Too funny…. It’s not the first time I’ve seen this, but your google ad is contradicting your message by offing a two piece workout gear for $25….
Here’s the link (minis the id crap) http://style.fabletics.com/dms5248/
Glad you ad Al have this covered, Ed. I’ll try to address it in a future Q and A.
Velour track suits were the shit back in the day. Everyone had to have them. I proudly admit to having a stunning purple velour track suit.
True story : I dated a pitcher on my college baseball team who refused to wear anything but Adidas apparel. He insisted i had adidas gear as well (we wore matching clothes a lot) and bought me quite a bit since I couldn’t afford the brand. A relative got him an Reebok hoody for Christmas and he damn near had a heart attack. He re-gifted it because he was upset that she didn’t get Adidas like she was told.

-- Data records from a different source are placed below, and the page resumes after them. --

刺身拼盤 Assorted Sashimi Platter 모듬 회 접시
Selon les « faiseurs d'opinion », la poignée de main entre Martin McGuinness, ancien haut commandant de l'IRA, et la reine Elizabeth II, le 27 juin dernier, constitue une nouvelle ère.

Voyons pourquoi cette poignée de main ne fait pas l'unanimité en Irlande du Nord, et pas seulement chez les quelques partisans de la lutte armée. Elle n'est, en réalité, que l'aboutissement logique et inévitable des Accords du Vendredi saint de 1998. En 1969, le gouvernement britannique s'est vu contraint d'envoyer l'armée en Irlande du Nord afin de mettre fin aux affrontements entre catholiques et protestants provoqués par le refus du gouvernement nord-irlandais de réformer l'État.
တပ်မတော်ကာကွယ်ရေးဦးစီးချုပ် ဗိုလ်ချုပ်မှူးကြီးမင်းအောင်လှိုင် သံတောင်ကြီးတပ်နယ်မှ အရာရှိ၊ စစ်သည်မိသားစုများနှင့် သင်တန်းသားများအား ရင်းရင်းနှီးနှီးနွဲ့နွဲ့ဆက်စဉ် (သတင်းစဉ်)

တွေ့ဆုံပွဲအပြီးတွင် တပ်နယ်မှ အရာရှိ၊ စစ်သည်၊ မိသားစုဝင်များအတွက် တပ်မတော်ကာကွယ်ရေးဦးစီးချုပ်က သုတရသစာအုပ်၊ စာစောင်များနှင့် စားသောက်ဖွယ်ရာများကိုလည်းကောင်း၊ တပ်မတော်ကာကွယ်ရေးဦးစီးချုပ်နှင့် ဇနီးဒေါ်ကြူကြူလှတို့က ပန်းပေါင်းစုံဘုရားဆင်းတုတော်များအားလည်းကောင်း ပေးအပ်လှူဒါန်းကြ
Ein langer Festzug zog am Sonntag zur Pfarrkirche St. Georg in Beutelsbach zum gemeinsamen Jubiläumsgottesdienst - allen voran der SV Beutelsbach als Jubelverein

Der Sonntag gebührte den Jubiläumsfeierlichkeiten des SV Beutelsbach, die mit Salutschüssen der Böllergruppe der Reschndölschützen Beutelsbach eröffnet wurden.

I wish I could say it’s only restricted to workout apparel but it’s the same with dance/practice apparel as well. I get catalogs advertising specialty leggings that will help build calf muscles and other crap that promises to make a woman a more complete dancer. $200 leggings will do nothing for my turns and lifts. That’s all practice and hard work. I flat out refuse to endorse any of that nonsense.
My two cents love. Now I gotta find my purple suit and reminisce
-kelebek
I think we all need to see a pic of that suit
I’m sure there is a pic of me wearing my stunning suit in my attic.

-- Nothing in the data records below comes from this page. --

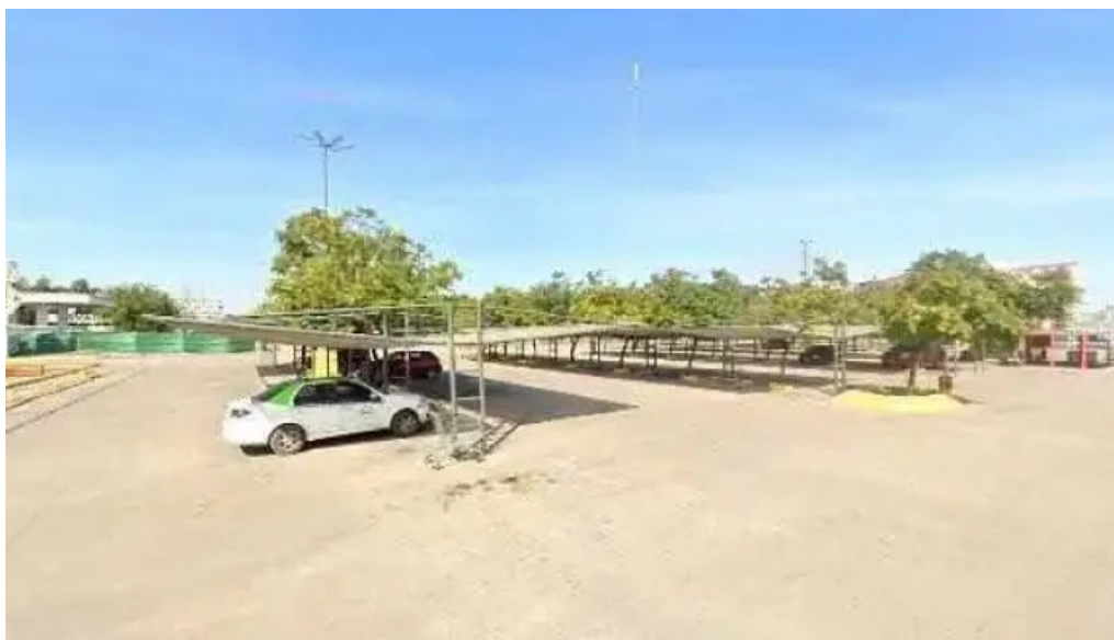
Banco hipotecario libertad catalogodeg
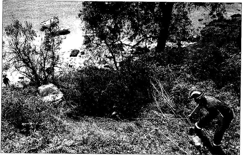
Un bombero fija el coche accidentado para poder excarcelar a la conductora.

Los ciclistas no se explican cómo pudo ocurrir el accidente en una zona con buena visibilidad. Niegan que el grupo se echara contra el vehículo, como testificó el autor del atropello, de 86 años y vecino de Nigrán. "Tuvo que ser un despiste, se puso nervioso al ver tantos ciclistas. ¿Qué puedes pensar excepto eso?", se pregunta Fernández.
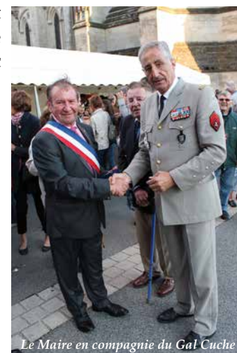
Le Maire en compagnie du Gal Cuche
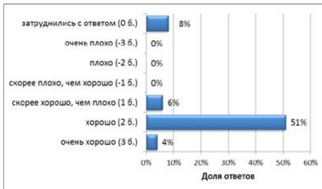
Рис. 3. Оценка формулярной системы в медицинских организациях Омской области (2013; 50 респондентов)

Проведенный нами анализ ответов респондентов показал, что более половины опрошенных оценили формулярную систему, действующую в Омской области, как «хорошую» – 51% руководителей – и «очень хорошую» – 4% (рис. 3).
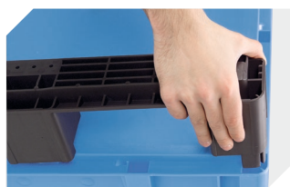
Kit de semelles pour bacs gerbables norme Europe, série XL 43-20273
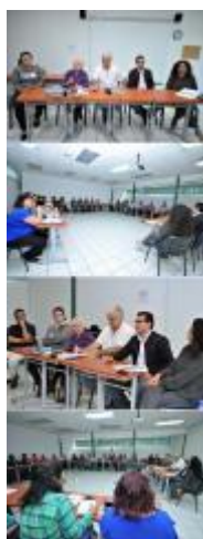
Aspectos del Diplomado en Metodología de Investigación en Ciencias Sociales, organizado por la Facultad de Letras y Comunicación y el Centro Universitario de Investigaciones Sociales.
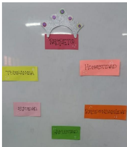
Figura 11. El reinado de los valores.

Thanks to you both for your continual participation.
Couldn’t agree more. As a runner, it took some recent injuries for me to realize maybe the “experts” at the running store don’t actually know what type of shoe works best for me. Also when I saw the title of this post I definitely thought you were going to mention K-Swiss… https://www.youtube.com/watch?v=n6hHI4n4nAA
How could I forget to bring it into the convo? Damn.
So my Puma track suit and Kangol that I wear out to the club are the reasons why nobody will talk to me?
A.D.I.D.A.S. is a great Korn song, btw.
~Al~
A.D.I.D.A.S. is one of my favorite Korn songs! I actually lift to it sometime.
That was my jam!
I’m with you Kap. If it helps motivate someone to get their exercise because they like to wear their shiny new duds, more power to them. I’m just an old gym rat though, and if I’m not sweating, I’m not trying hard enough. If I’m concerned about how I look, it will be after my shower, not before. I used to run a sporting goods store, so I’m well aware that the proper equipment has little to do with the logo.
Dig, Bill.
Christian says
I have to call you out on something you said in this article that is totally wrong. “Nobody looks attractive deadlifting 400 pounds.” I would argue that EVERYBODY looks attractive deadlifting 400 pounds, everybody.
Ha. Agree to disagree.
The title of this blog is worth a second reply because it sounds like you are advocating training naked. If it works, it works
Michelle,
You make me laugh on a daily basis. Keep it coming!
-Peter
Don’t encourage Michelle, Peter.
Boooo
To each his own. You can keep your suit and tie. I can’t wait to lace up my Romaleos and get to squatin.
A strong push back. Like it.
Always wondered, what’s an average player compensated for wearing certain apparel?
Slam
I was slightly below average, so I wouldn’t know, Mike.